Fifteen years ago the first book on Gauchers disease was published by Desnick, Gatt and Grabowski celebrating 100 years since the disease was first described by Philippe Gaucher in 1812.

Significant advancements have occurred, both in the molecular biology and treatment of the disease, since that time and hence there was a need for a new comprehensive look at these developments.

Gauchers Clinic in Israel

I practise at the Shaare Zedek Medical Centre where the Gauchers Clinic opened in 1989. In December 1990 the first Gauchers patient had his first infusion of Ceredase.

We currently follow more than 300 Gauchers patients in our Clinic who also benefit from seeing consultants whose speciality is relevant to their symptoms such as paediatrics, orthopaedics.

Based on an estimated carrier rate among Ashkenazi Jews of 1 in 14 to 1 in 17, it is clear that there are many more Gauchers patients in Israel, who have not come to medical attention, probably reflecting the very mild nature of their disease. In these asymptomatic patients, the enzyme deficiency will not effect their health and they will probably not require treatment.


Over a decade ago, a four year old boy Brian and his mother Robin Berman approached Dr Roscoe Brady at the National Institute of Health in Washington DC. Dr Bradyµs team had developed enzyme replacement therapy and Brian was the first patient to receive it.

The success led to the pivotal clinical trial at the NIH with results in the reduction in spleen volume by an average of 33% and in liver volume by 11% (average).

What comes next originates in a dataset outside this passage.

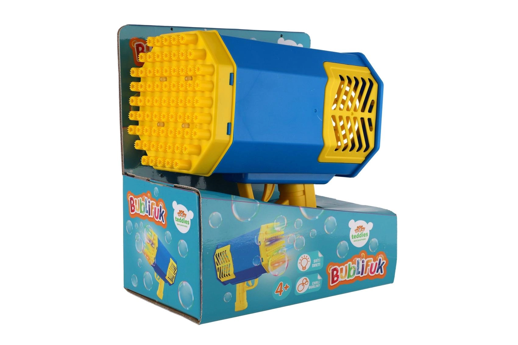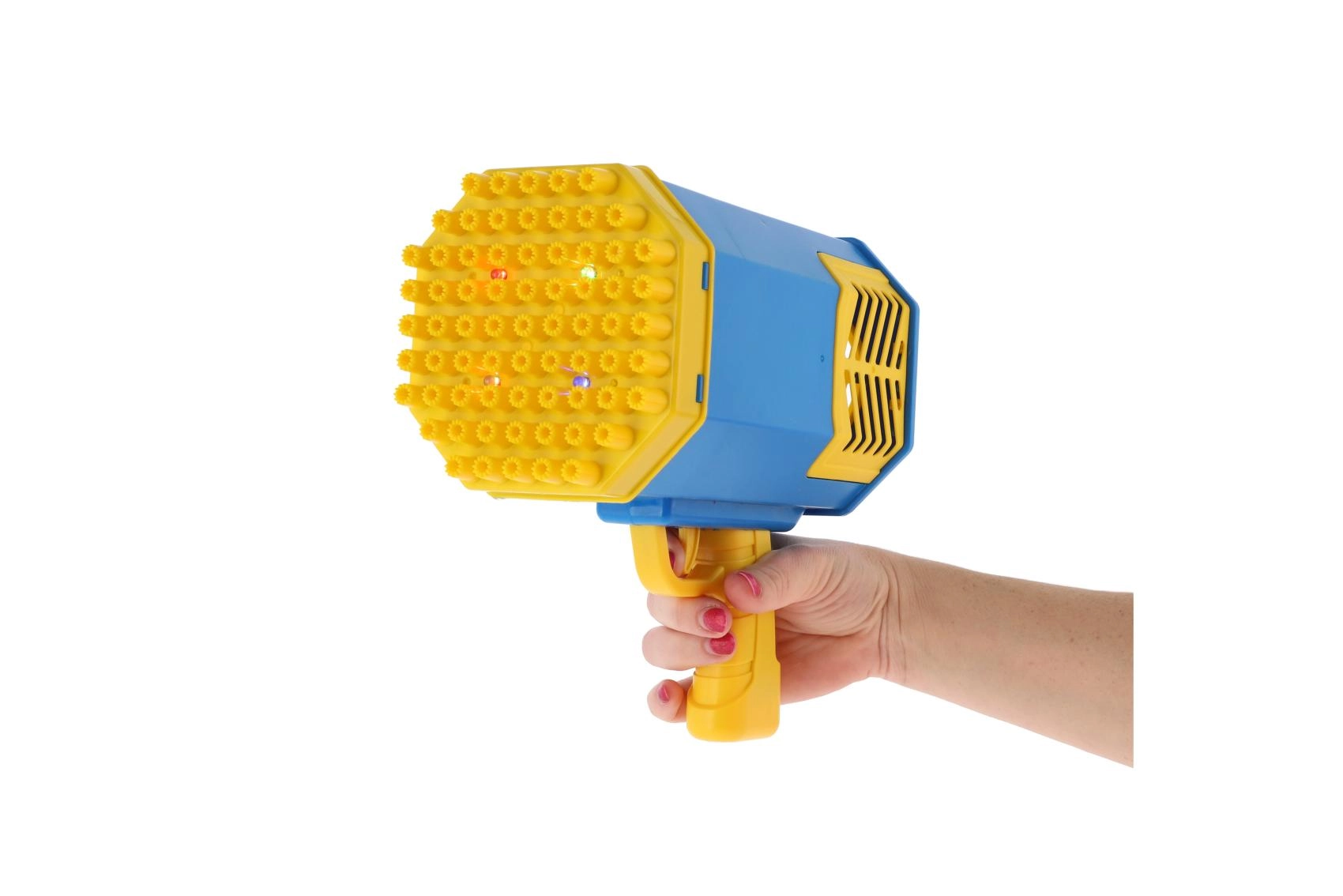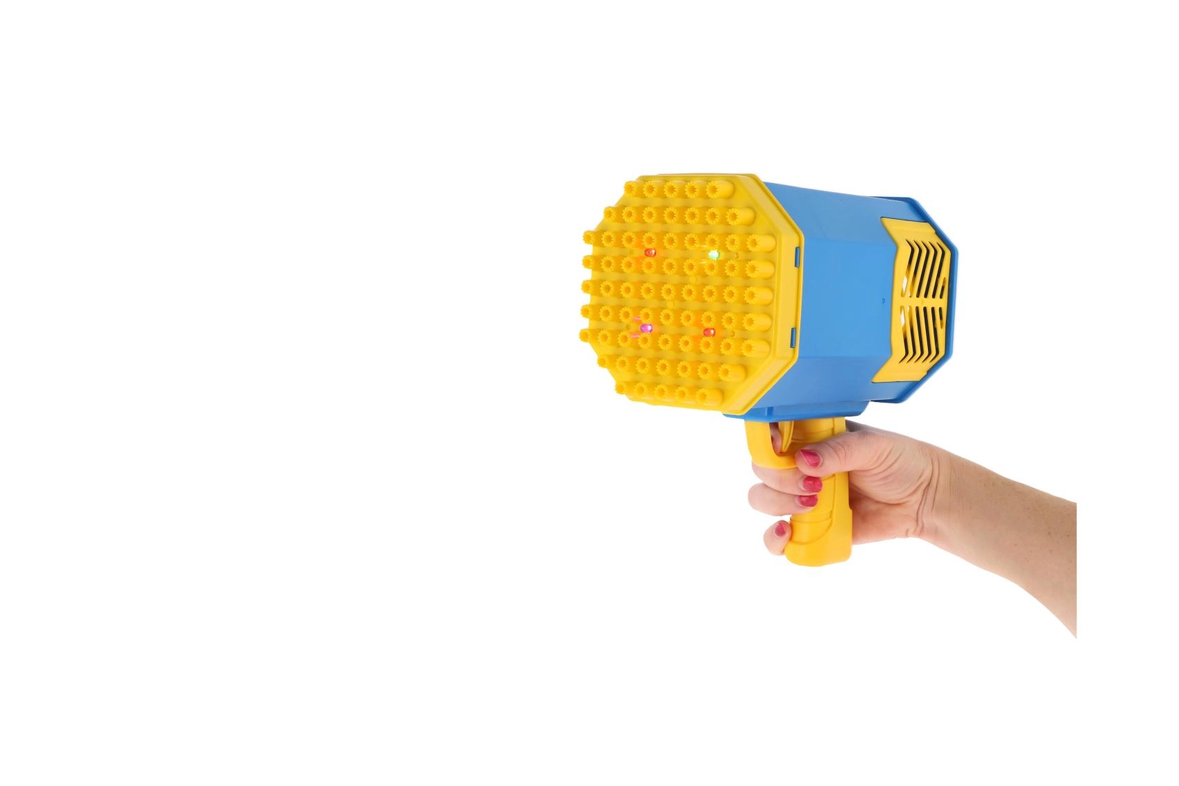 Απογειώστε τη διασκέδαση σε εξωτερικούς χώρους με αυτό το πιστόλι σαπουνόφουσκας! Χάρη στα πολλαπλά ακροφύσια φυσά εκατοντάδες φούσκες σε μια στιγμή, διαθέτει φωτεινά εφέ και επαναφορτιζόμενη μπαταρία στη συσκευασία. Ο χειρισμός είναι εξαιρετικά εύκολος – απλώς βουτήξτε σε ένα μπολ με διάλυμα και πατήστε τη σκανδάλη.

The results of efficacy (effectiveness) and safety led to FDA approval in April 1991. Yet the high cost of the drug precluded enzyme availability in many parts of the world.

Prof Ernest Beutler at the Scripps Institute in California suggested a much lower dose than Brian had been given but said that it should be infused more frequently.

The results in his patients were comparable.

In 1994 the recombinant enzyme (Cerezyme) was also approved by the FDA and the Israeli Ministry of Health. By 1997, 141 were receiving enzyme treatment in Israel.

We now start our patients on a regimen of 15 units of Cerezyme per kilogram of bodyweight (u/k/bw) every 2 weeks. If necessary we change this to 7.5 u/k/bw once a week. We raise this to 15 u/k/bw once a week in patients who show inadequate response.

Although there may be quicker improvements in the first 6-12 months if the patient is on high dose (based on the American clinical trial of Cerezyme wherein the dosage was 60u/k/bw every 2 weeks), I don't feel this difference is clinically significant and the results are the same thereafter.'

Prof Zimran was asked whether patients without symptoms should receive enzyme replacement therapy.

He replied that if there was severe disease in the family or the patient had a severe genotype, treatment should be considered. He stressed the need for expert opinion and said that every patient should be entitled to receive it.

Prof Zimran said that 15% of patients had developed antibodies to the drug on high dose and only 5% on low dose. But he went on to say that the only patient, among the ten participating in the initial clinical trial of Cerezyme in Israel, who had developed antibodies was in fact the one who had improved the most.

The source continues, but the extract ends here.